Кроме концептуальной значимости манифеста «Догмы» немаловажно его значение в узком контексте творчества фон Триера. Впервые в тексте манифеста он разбирается не с самим собой, а с другими режиссерами. Причем разбирательство это носит вполне конструктивный характер. Нападая на далекий и защищенный сотнями способов голливудский кинематограф (а также его европейские аналоги), критикуя давно отошедшую в историю «Новую волну», фон Триер призывает собратьев объединиться для создания новых произведений, которые могли бы противостоять экспансии «кинематографа иллюзий». И это призыв не риторический, а вполне практический. Примером стал успех «Торжества». Молодой, практически неизвестный за пределами Дании режиссер Винтерберг получил в Каннах прикрытие в виде радикальных «Идиотов», по контрасту с которыми жюри благосклонно отнеслось к его картине, наградив Призом жюри. Дальше — больше: два года подряд датские «догматики» — сперва Серен Краг-Якобсен с «Последней песнью Мифуне», а затем Лоне Шерфиг с «Итальянским для начинающих», — получали награды на Берлинском фестивале. Победное шествие «Догмы» по миру началось именно благодаря фон Триеру, который подарил манифесту свое имя, сняв его с титров собственной картины, и устроил в благопристойных Каннах беспрецедентную провокацию «Идиотами», обеспечив менее экстремальным коллегам успех и признание.
Манифест «Догмы» — прежде всего практическое руководство. Например, используя его точно и буквально, режиссер непременно снимет малобюджетный фильм, а художественное оправдание для таковых позволяет киноиндустрии развиваться более эффективно (что и случилось в Дании после появления «Догмы»), Правда, обладатели некоторых профессий (художники-постановщики, гримеры, костюмеры и осветители) окажутся без работы. Но любая экономическая реформа имеет оборотную сторону. Зато, по умолчанию, главными героями кинопроизводства — следующими за режиссером (и, в отличие от него, упомянутыми в титрах) — становятся актеры. Возможно, так фон Триер извинялся за многолетний диктат над «униженными» исполнителями.

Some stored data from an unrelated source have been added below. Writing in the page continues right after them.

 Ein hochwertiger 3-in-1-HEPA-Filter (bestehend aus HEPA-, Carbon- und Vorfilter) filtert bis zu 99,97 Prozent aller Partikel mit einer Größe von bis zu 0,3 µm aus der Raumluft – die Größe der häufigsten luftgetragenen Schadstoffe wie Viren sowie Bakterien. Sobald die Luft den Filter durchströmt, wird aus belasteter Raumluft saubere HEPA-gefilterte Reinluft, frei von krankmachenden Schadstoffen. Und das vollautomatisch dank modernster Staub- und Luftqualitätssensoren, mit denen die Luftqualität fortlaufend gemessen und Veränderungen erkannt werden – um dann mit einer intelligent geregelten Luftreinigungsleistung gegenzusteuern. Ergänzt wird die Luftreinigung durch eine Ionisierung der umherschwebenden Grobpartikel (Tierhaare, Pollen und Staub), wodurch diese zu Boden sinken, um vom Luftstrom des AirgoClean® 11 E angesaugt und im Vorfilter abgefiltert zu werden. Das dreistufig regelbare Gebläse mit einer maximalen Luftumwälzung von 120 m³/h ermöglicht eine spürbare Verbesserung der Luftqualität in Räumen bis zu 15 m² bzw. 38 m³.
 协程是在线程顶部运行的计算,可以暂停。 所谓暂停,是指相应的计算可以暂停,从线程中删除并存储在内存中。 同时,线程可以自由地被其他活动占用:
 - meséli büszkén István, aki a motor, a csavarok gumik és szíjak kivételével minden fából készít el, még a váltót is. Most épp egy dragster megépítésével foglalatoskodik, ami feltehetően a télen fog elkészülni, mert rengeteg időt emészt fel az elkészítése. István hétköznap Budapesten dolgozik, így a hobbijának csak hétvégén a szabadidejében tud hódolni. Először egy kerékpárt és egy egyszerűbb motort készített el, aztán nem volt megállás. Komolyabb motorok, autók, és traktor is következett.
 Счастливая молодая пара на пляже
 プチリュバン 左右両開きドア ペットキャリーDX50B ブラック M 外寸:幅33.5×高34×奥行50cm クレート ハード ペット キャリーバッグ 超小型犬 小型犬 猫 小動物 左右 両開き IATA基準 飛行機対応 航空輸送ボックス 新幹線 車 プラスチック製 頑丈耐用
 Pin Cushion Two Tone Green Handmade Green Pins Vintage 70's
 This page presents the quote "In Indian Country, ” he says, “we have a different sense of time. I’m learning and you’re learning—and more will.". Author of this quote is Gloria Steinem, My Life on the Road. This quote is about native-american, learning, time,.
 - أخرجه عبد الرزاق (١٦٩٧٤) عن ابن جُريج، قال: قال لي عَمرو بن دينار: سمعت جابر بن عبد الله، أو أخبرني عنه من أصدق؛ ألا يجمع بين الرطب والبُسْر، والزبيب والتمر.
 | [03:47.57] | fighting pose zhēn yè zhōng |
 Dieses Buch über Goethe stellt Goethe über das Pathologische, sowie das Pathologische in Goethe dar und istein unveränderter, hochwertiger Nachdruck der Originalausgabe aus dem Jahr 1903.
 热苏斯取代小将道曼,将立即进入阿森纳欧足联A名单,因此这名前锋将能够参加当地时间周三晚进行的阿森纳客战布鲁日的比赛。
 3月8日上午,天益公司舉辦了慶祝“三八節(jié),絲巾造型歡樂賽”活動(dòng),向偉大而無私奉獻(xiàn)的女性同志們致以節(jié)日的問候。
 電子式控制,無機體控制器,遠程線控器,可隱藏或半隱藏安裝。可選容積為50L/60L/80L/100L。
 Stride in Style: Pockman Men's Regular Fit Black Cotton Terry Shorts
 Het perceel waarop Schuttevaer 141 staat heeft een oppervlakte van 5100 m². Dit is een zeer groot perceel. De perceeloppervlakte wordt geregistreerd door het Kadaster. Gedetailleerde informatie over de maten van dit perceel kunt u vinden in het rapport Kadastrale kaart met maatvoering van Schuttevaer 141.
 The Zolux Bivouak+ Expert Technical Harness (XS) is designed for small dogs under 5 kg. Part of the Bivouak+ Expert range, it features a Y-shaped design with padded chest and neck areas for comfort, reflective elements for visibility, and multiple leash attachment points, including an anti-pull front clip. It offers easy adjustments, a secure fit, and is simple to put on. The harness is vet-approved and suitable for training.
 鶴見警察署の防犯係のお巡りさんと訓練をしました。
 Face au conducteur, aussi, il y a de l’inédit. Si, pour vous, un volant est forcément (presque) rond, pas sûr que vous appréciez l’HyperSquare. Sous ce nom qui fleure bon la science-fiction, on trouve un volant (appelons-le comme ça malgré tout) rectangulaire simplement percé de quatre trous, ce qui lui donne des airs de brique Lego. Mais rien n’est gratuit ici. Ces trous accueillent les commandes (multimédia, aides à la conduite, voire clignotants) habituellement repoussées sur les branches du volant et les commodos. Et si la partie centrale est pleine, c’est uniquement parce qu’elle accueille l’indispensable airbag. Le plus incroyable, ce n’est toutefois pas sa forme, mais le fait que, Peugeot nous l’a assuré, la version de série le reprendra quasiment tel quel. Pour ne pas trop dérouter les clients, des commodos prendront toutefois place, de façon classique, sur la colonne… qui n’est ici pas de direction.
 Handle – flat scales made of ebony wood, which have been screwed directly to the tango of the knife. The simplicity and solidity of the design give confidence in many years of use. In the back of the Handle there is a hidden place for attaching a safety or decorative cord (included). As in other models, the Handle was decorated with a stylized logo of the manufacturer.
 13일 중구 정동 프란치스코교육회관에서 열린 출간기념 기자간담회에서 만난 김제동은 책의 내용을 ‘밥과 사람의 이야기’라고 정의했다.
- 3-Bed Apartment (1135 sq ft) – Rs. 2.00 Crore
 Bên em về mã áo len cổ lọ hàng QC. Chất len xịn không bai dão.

Следуя правилам, пункт за пунктом, фактически невозможно снять не-«догматическую» картину. Заповеди сами по себе достаточно условны, многие из них можно было бы изменить, не противореча общему духу. Однако дух этот передан совершенно отчетливо: «Догма-95» служит уничтожению барьеров между режиссером и его фильмом, восстанавливает ту самую порушенную «любовную связь», о которой фон Триер писал в своем первом манифесте. Намеренная архаизация (использование черно-белого изображения), прибегание к жанровым уловкам или элементам поверхностного действия, введение временного и пространственного отстранения — все это защищает режиссера от прямого контакта с его произведением.
Слова «обет целомудрия» звучат эффектно, но приходится признать их неточными. «Догму» трудно назвать асексуальной. Напротив, она возвращает в состояние невинности лишь для того, чтобы заставить объект воздействия вновь пройти через дефлорацию — именно таковой должен стать удачный «догма»-фильм. Это целомудрие можно понимать только как целомудрие первой влюбленности, но не как воздержание от сексуального опыта. Или же речь, напротив, идет о воздержании от разврата, каковым предлагается считать привычные кинотехнологии — от «поверхностного экшена» до фильтров, черно-белого изображения и стабильной камеры? Нетрудно заметить, что большая часть заповедей по смыслу, а часто и по форме содержит запреты. Однако каждый из них призван обеспечить наиболее тесную форму «отношений» режиссера и его фильма. Без лишних деталей, «как в первый раз».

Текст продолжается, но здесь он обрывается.